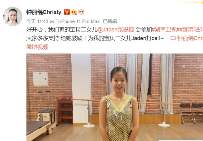 1月14日,钟丽缇在自己的社交平台中为自己的二女儿加油打call,并晒出了一段张思捷的舞蹈视频!原来是钟丽缇帮女儿报名参加了芒果选秀节目《跳舞吧少年》虽然说这个选秀节目在网络上并不太火,但是对于孩子来说却是一种锻炼!
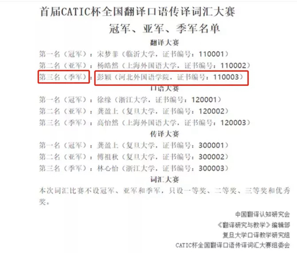 近日,喜讯传来,河北外国语学院英语学院20级英本五班彭颖同学在首届CATIC杯全国翻译传译口译词汇大赛中,荣获翻译大赛季军。
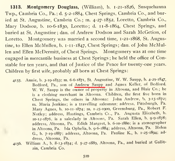1871: As indicated above, the 1911 book "Genealogy of the Hannum Family..." reports that W. W. Saupp, son of Andrew and Agnes Saupp, married Annie Douglas on June 6, 1871.
══════════════════════════════
» **EXERCISE AIM**
Give back the whole listing exactly as it stands. No pictures belong in the copy.

» **SOLUTION FOR THIS PROBLEM**
 1月14日,钟丽缇在自己的社交平台中为自己的二女儿加油打call,并晒出了一段张思捷的舞蹈视频!原来是钟丽缇帮女儿报名参加了芒果选秀节目《跳舞吧少年》虽然说这个选秀节目在网络上并不太火,但是对于孩子来说却是一种锻炼!
 近日,喜讯传来,河北外国语学院英语学院20级英本五班彭颖同学在首届CATIC杯全国翻译传译口译词汇大赛中,荣获翻译大赛季军。
1871: As indicated above, the 1911 book "Genealogy of the Hannum Family..." reports that W. W. Saupp, son of Andrew and Agnes Saupp, married Annie Douglas on June 6, 1871.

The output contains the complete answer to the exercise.